Natural Language Processing

Sentiment Analysis Using NLTK

The Modules used for Basic Sentiment Analysis Project are:

  • Pandas - Data Munging, Reading / Writing Data Frames
  • NLTK - Natural Language Tool Kit- an open source library in Python for Natural Language Processing
  • RE - Regular Expression for text processing
  • Matplotlib - Plotting and Visualization
  • String - Dealing with String data

Basic Steps in NLP Project:

    • Data Collection
    • Data Preparation
    • Model Selection
    • Model Building
    • Model Training
    • Evaluation
    • Fine Tuning and Testing

Data Selection

Using the Pre-Loaded data from NLTK

from nltk.corpus import twitter_samples
all_positive_tweets = twitter_samples.strings('positive_tweets.json')
all_negative_tweets = twitter_samples.strings('negative_tweets.json')

Data Visualization

fig = plt.figure(figsize=(5, 5))
labels = 'Positives', 'Negative'
sizes = [len(all_positive_tweets), len(all_negative_tweets)] 
plt.pie(sizes, labels=labels, autopct='%1.1f%%', shadow=True, startangle=90)
plt.axis('equal')  
plt.show()

Data Preparation

Most of the data we receive in real world is dirty data.
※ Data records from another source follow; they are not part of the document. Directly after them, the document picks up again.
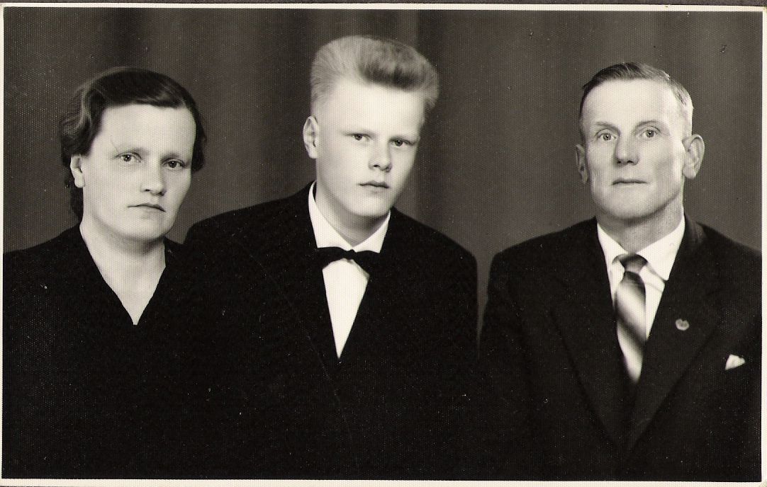 Kuvassa Toini ja Yrjö Karonen ja poika Aarre
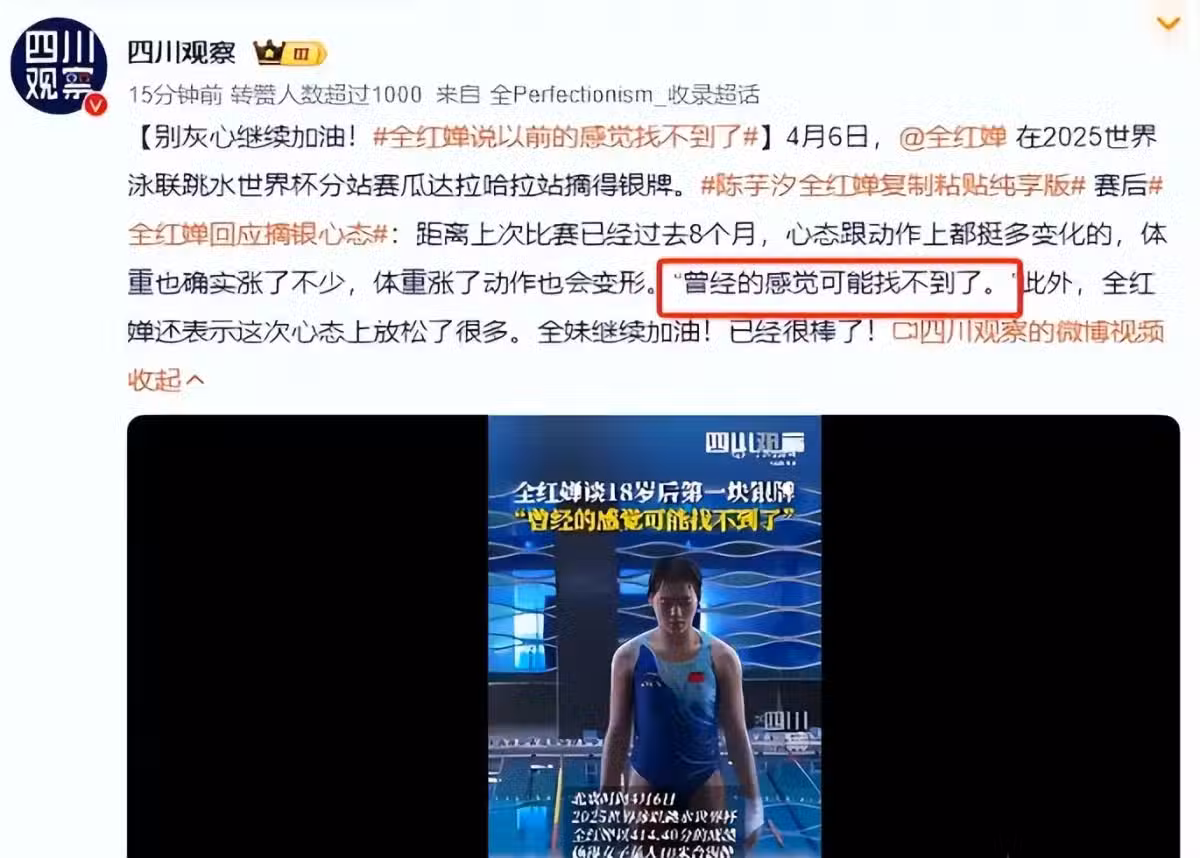 全紅嬋失誤摘銀後續:央視發聲,教練透露內情,本人的回應太殘酷_比賽~~
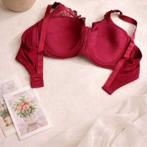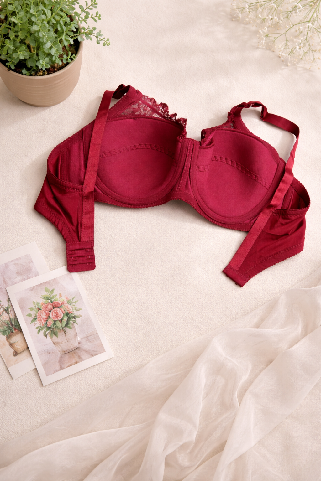Бюстгальтер на мягкой чашке размера DD. Чашка выполнена из мягкого цветочного кружева, имеет хлопковую поролоновую вставку. Пояс бюстгальтера выполнен из эластичной микрофибры. Широкие несъёмные бретельки и застёжка сзади на два крючка с тремя позициями регулирования.
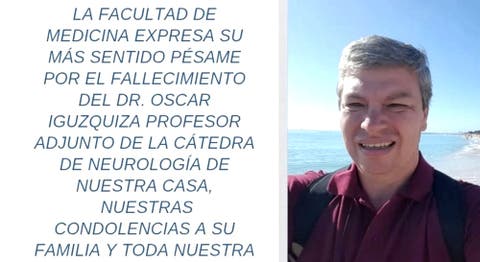 La Facultad de Medicina también emitió un mensaje en sus redes sociales: “Con profundo dolor, la Facultad de Medicina expresa su más sentido pésame por el fallecimiento del doctor Oscar Iguzquiza, profesor adjunto de la cátedra de Neurología de nuestra casa. Nuestras condolencias a su familia y toda nuestra solidaridad”.
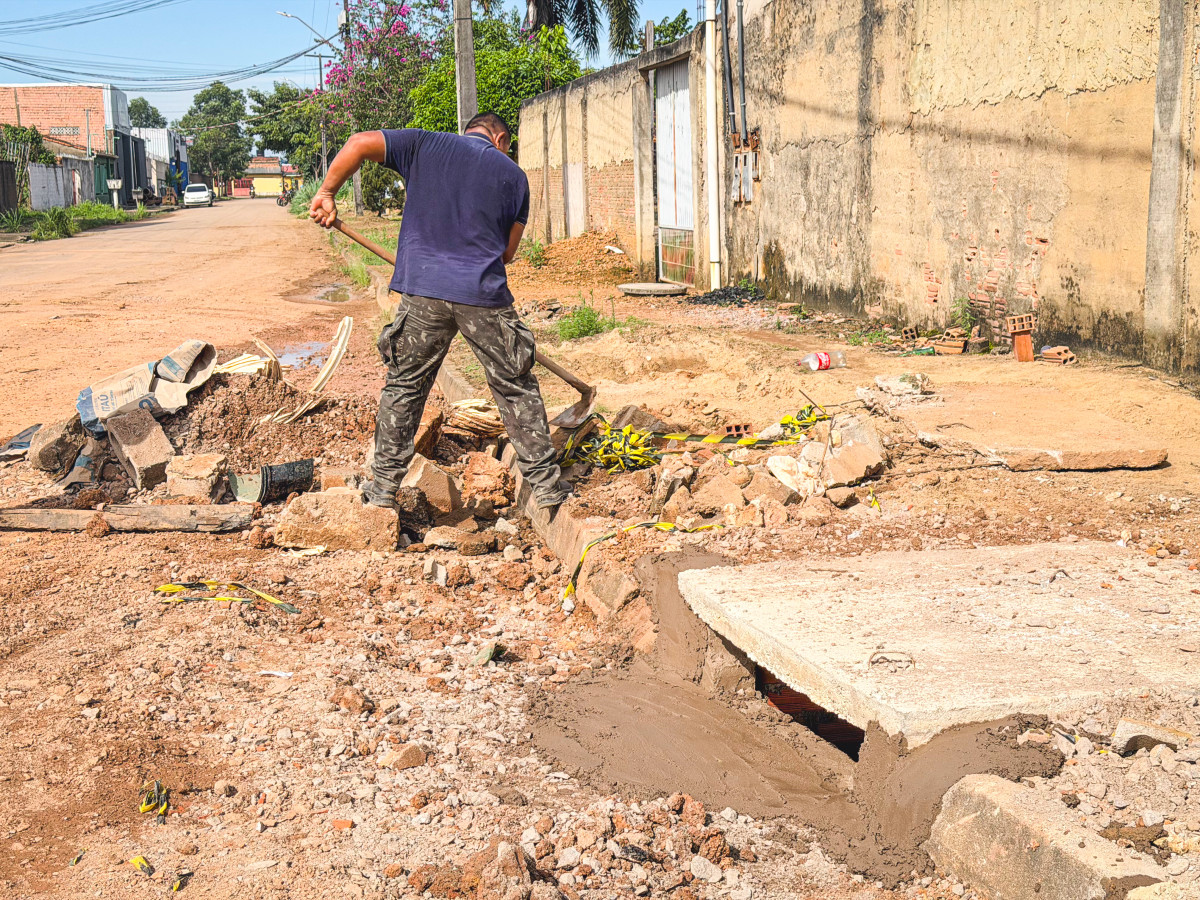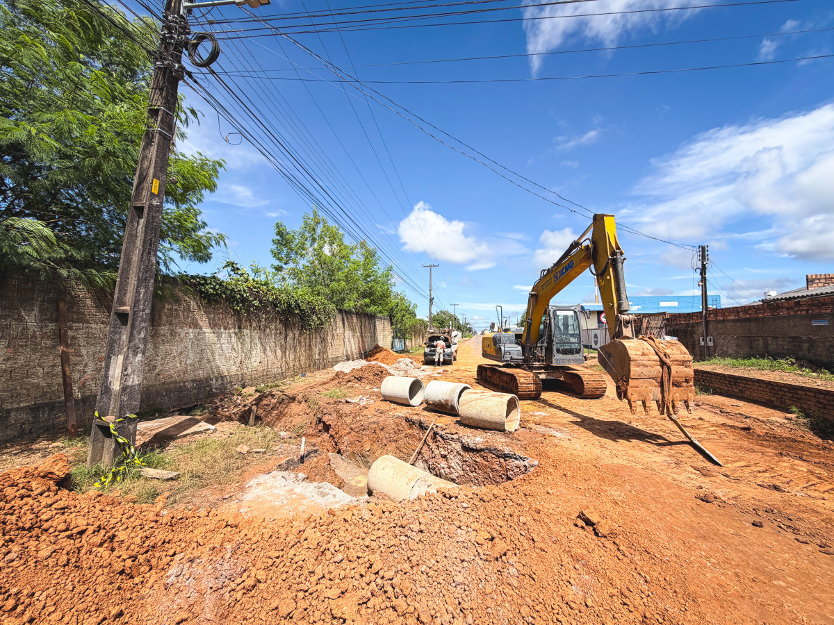 Já na zona Norte, no bairro Industrial, uma obra de maior porte está em andamento. O objetivo é solucionar de forma definitiva um problema histórico de alagação que atinge centenas de famílias da região.
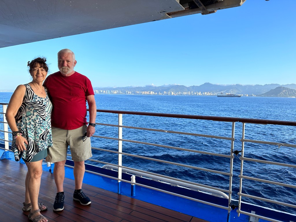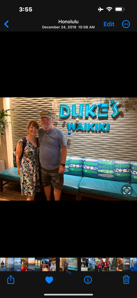 Honolulu!!! Well we’ve all been here before! Took a limo/cab to pick up supplies! Then back onboard! Our normal routine is cab/uber to Waikiki Beach then everyone else hangs out Dukes bar while I go for a swim!!! Join them at the bar afterwards. 😉

It needs lot of pre-processing and cleaning

Regular Expression are used to Pre-process the data:

from nltk.corpus import stopwords         
from nltk.stem import PorterStemmer     
from nltk.tokenize import TweetTokenizer

tweet2 = re.sub(r'^RT[\s]+', '', tweet)
tweet2 = re.sub(r'https?:\/\/.*[\r\n]*', '', tweet2)
tweet2 = re.sub(r'#', '', tweet2)

Tokenization

tokenizer = TweetTokenizer(preserve_case=False, strip_handles=True, reduce_len=True)
tweet_tokens = tokenizer.tokenize(tweet2)